Analysis are typically executed using the omsi.analysis.analysis_base.analysis_base.execute() function we inherit from py:class:omsi.analysis.analysis_base.analysis_base. The execute() function controls many pieces, from recording and defining input parameters and outputs to executing the actual analysis. We, therefore, for NOT recommend to overwrite the exceute(..) function, but rather to customize specific portions of the execution. To do this, execute() is broken into a number of functions which are called in a specific order. In this way we can easily overwrite select functions to customize a particular feature without having to overwrite the complete execute(..) function.

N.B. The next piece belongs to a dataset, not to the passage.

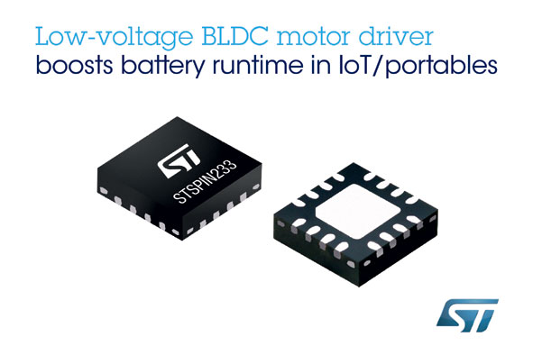 意法半導體高能效單片三相三路電流檢測BLDC驅動器:延長可攜式裝置和物聯網產品續航時間

Customizing setting of parameters

First, the execute function uses omsi.analysis.analysis_base.analysis_base.update_analysis_parameters() to set all parameters that have been passed to execute accordingly. The default implementation of update_analysis_parameters(..), hence, simply calls self.set_parameter_values(...) to set all parameter values. We can customize this behavior simply by overwriting the update_analysis_parameters(...) function.

Customizing setting of default settings

Second, the execute function uses the omsi.analysis.analysis_base.analysis_base.define_missing_parameters() function to set any required parameters that have not been set by the user to their respective values. Overwrite this function to customize how default parameter values are determined/set.

Customizing the recording of runtime information

The recording of runtime information is performed using the omsi.shared.run_info_data.run_info_dict() data structure. This data structure provides a series of functions that are called in order, in particular:

  • omsi.shared.run_info_data.run_info_dict.clear() : This function is called first to clear the runtime dictionary. This is the same as the standard dict.clear.
  • omsi.shared.run_info_data.run_info_dict.record_preexecute() : This function is called before the execute_analysis function is called and records basic system information,
  • omsi.shared.run_info_data.run_info_dict.record_postexecute() : This function is called after the execute_analysis function has completed to record additional information, e.g, the time and duration of the analysis,
  • omsi.shared.run_info_data.run_info_dict..runinfo_clean_up() : This function is called at the end to clean up the recorded runtime information. By default, runinfo_clean_up() removes any empty entries, i.e., key/value pairs where the value is either None or an empty string.

We can customize any of these function by implementing a derived class of omsi.shared.run_info_data.run_info_dict() where we can overwrite the functions. In order to use our derived class we can then assign our object to omsi.analysis.analysis_base.analysis_base.run_info(). This design allows us to modularly use the runtime information tracking also for other tasks, not just with our analysis base infrastructure.

Customizing the analysis execution

The analysis is completely implemented in the omsi.analysis.analysis_base.analysis_base.execute_analysis() function, which we have to implement in our derived class, i.e, running the analysis is fully custom anyways.

Customizing the recording of analysis outputs

Finally (i.e., right before returning analysis results), execute(..) uses the omsi.analysis.analysis_base.analysis_base.record_execute_analysis_outputs() function to save all analysis outputs. Analysis outputs are stored in the self.__data_list variable. We can save analysis outputs simply by slicing and assignment, e.g., self[output_name] = my_output. By overwriting record_execute_analysis_outputs(...) we can customize the recording of data outputs.